**Exercise goal**
Look in the data below for the line that has "Visit Proof |", then print exactly every line from there through the line that has "Dakooters, an anime", leaving pictures out.

Saved entries
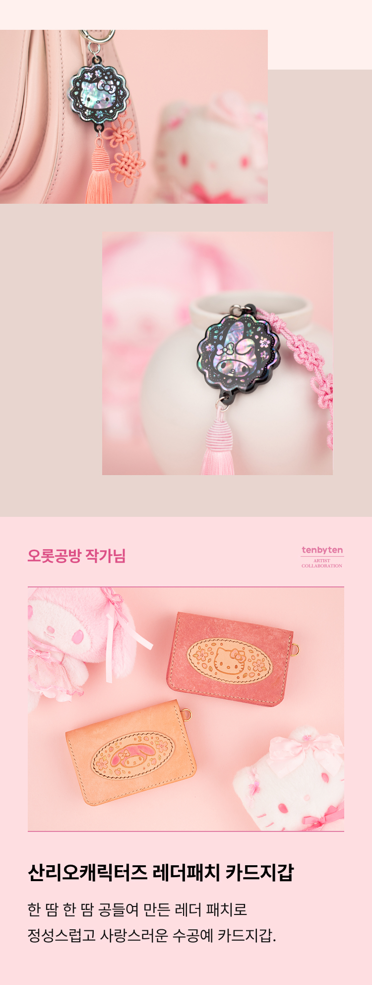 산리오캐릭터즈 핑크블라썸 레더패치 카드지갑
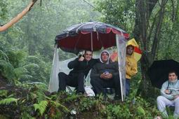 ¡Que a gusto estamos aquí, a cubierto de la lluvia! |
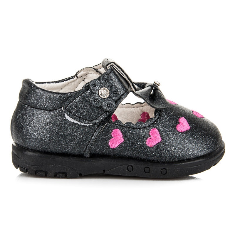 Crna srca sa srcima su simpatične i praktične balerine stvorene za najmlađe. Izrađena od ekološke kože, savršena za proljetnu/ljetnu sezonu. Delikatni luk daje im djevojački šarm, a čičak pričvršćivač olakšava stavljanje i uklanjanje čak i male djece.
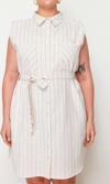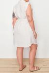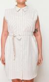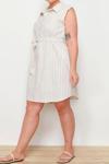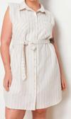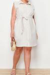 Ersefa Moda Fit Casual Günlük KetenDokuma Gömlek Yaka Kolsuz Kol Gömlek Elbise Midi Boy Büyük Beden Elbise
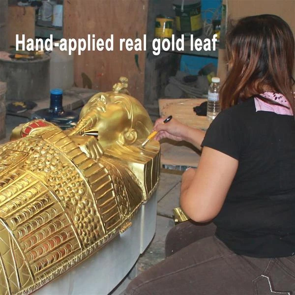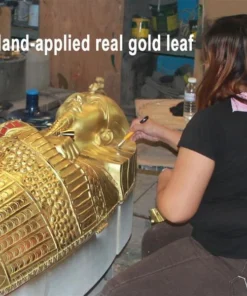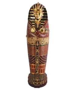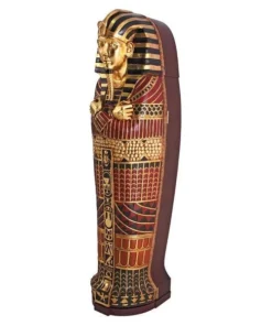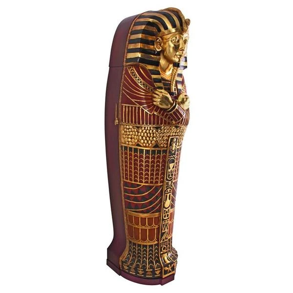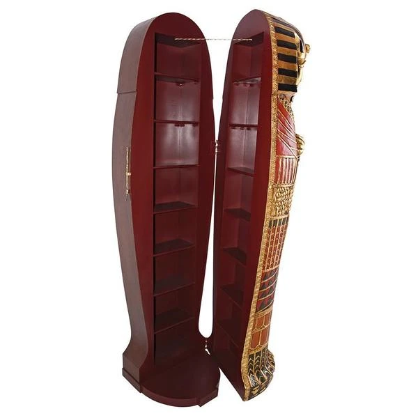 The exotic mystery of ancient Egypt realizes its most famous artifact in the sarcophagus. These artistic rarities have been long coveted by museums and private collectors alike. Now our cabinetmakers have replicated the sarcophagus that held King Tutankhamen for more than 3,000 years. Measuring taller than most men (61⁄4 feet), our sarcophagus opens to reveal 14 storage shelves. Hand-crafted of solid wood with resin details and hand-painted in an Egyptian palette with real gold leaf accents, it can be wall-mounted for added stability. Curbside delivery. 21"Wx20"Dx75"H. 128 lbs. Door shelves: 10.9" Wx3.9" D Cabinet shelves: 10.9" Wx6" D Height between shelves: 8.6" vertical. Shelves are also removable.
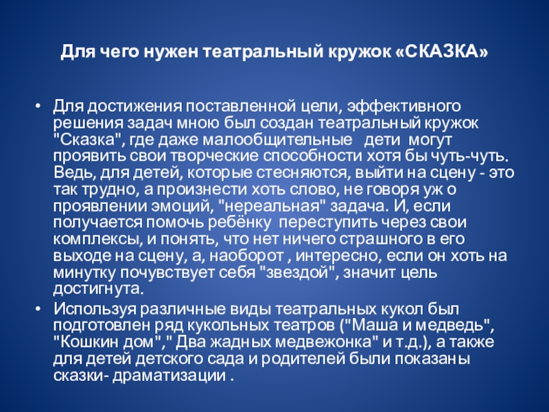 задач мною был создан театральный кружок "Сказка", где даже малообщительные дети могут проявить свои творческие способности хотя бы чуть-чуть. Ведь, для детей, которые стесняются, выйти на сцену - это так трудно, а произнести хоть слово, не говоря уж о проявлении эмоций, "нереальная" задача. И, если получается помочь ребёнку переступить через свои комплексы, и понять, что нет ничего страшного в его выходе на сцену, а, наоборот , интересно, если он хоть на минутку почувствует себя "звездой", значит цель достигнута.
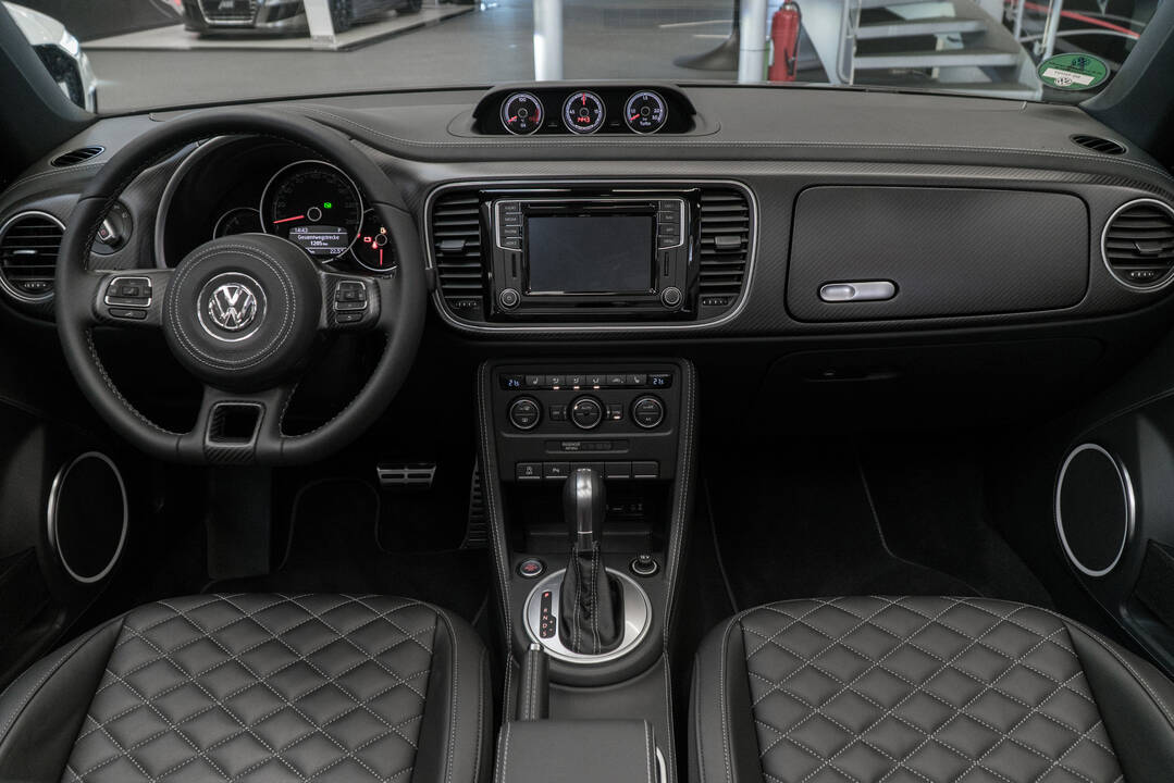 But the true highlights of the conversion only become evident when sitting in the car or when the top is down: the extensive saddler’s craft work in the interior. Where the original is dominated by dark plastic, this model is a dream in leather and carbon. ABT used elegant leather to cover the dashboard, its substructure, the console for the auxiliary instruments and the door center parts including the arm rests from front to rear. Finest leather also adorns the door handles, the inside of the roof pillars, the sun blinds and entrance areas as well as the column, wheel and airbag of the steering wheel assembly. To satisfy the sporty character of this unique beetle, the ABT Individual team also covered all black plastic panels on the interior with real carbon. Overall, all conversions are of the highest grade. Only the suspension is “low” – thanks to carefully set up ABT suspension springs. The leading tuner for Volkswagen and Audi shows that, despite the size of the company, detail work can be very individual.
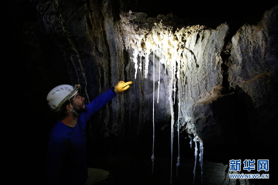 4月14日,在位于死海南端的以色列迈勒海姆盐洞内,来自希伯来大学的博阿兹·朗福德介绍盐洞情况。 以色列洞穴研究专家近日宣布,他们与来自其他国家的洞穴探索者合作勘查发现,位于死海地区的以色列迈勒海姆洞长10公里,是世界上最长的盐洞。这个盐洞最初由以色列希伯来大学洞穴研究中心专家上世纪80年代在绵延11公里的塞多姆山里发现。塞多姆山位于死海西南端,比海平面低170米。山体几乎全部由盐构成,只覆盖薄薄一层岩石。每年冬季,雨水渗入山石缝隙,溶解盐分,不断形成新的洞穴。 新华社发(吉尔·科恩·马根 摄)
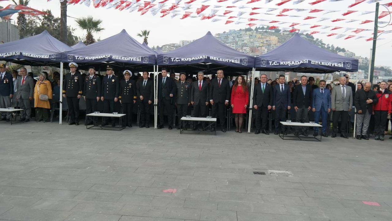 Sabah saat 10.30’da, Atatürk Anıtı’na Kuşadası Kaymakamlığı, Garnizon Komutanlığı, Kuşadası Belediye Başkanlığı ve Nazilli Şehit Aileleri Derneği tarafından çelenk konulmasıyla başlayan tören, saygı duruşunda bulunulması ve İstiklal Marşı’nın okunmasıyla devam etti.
...
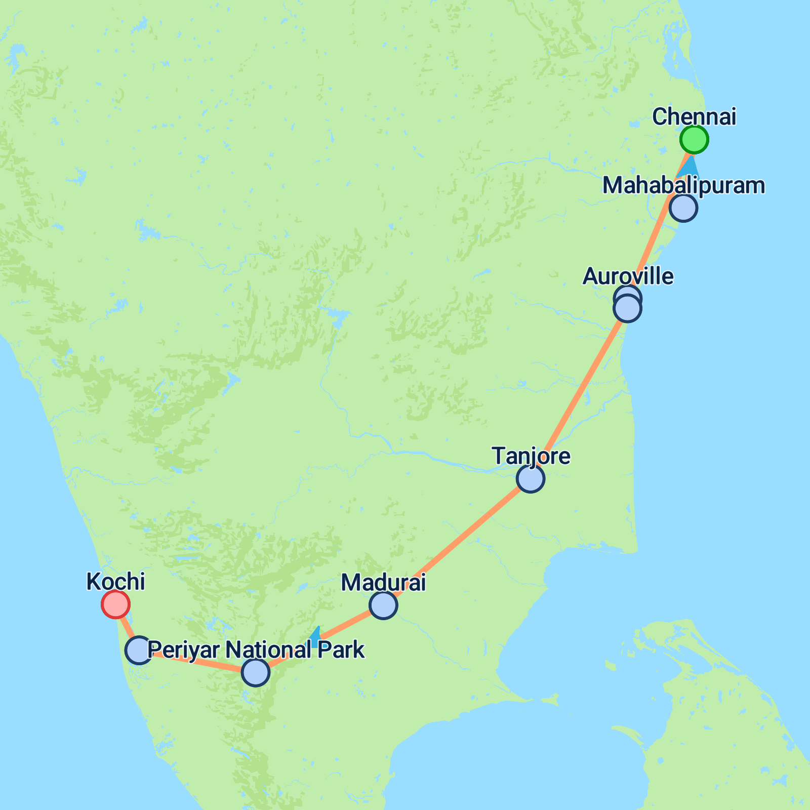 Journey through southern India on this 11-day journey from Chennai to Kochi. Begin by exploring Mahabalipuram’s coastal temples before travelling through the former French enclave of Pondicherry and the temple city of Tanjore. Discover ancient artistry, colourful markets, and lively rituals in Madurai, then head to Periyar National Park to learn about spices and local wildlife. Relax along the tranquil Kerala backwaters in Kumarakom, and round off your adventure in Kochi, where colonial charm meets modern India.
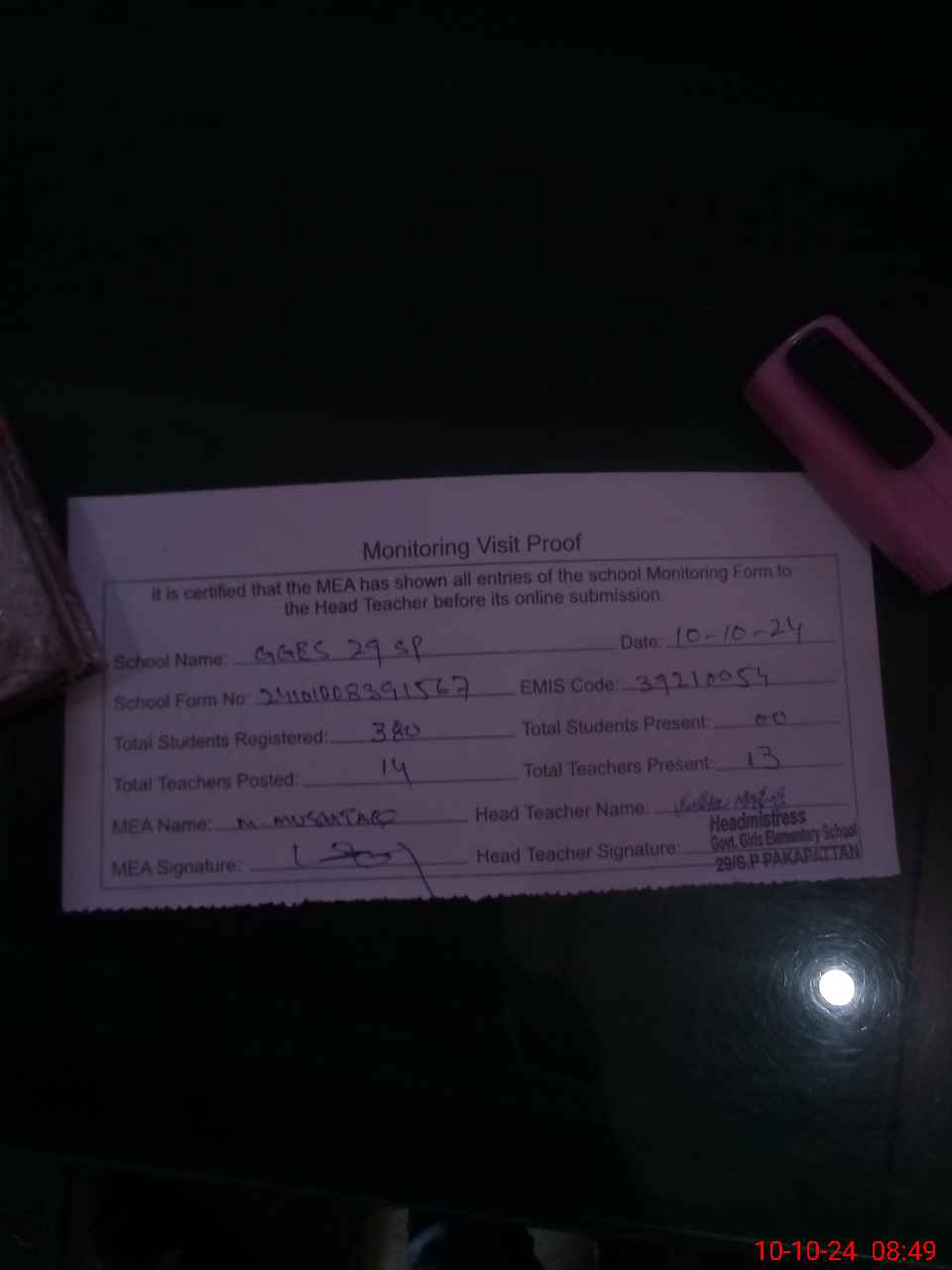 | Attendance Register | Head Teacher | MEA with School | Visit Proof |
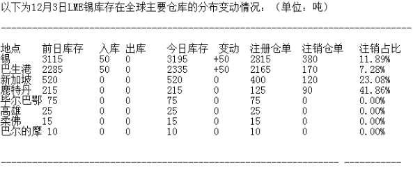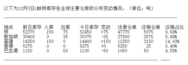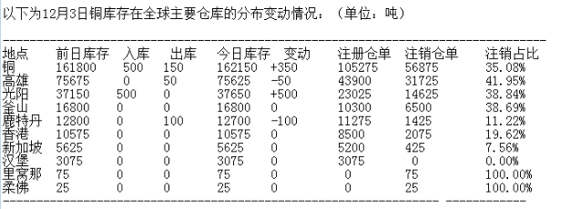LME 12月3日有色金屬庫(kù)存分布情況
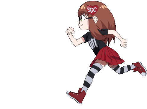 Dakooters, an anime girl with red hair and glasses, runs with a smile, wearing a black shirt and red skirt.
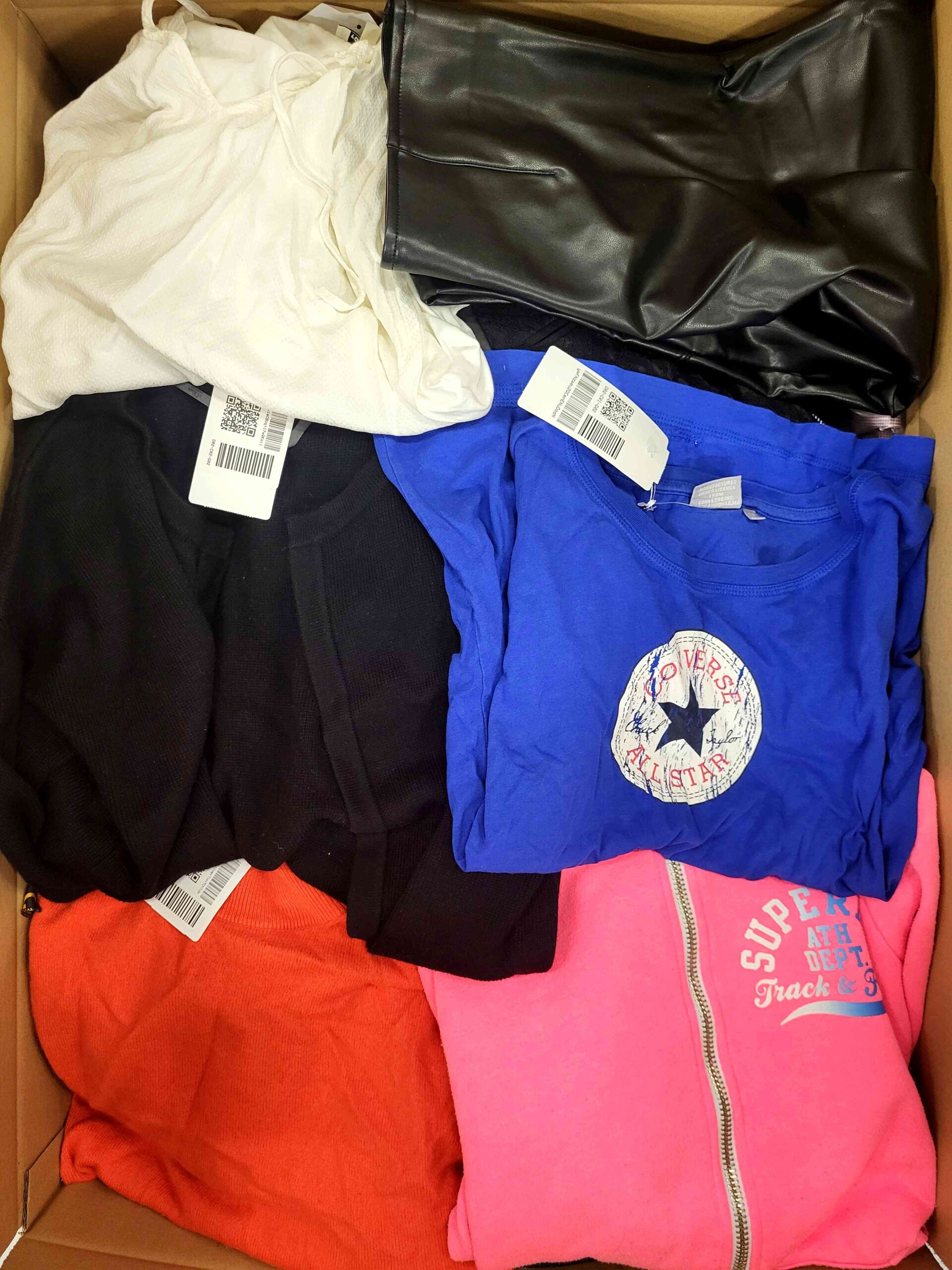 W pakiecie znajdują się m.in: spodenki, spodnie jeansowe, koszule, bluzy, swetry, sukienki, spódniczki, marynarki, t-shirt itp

**Task response**
 | Attendance Register | Head Teacher | MEA with School | Visit Proof |
LME 12月3日有色金屬庫(kù)存分布情況
 Dakooters, an anime girl with red hair and glasses, runs with a smile, wearing a black shirt and red skirt.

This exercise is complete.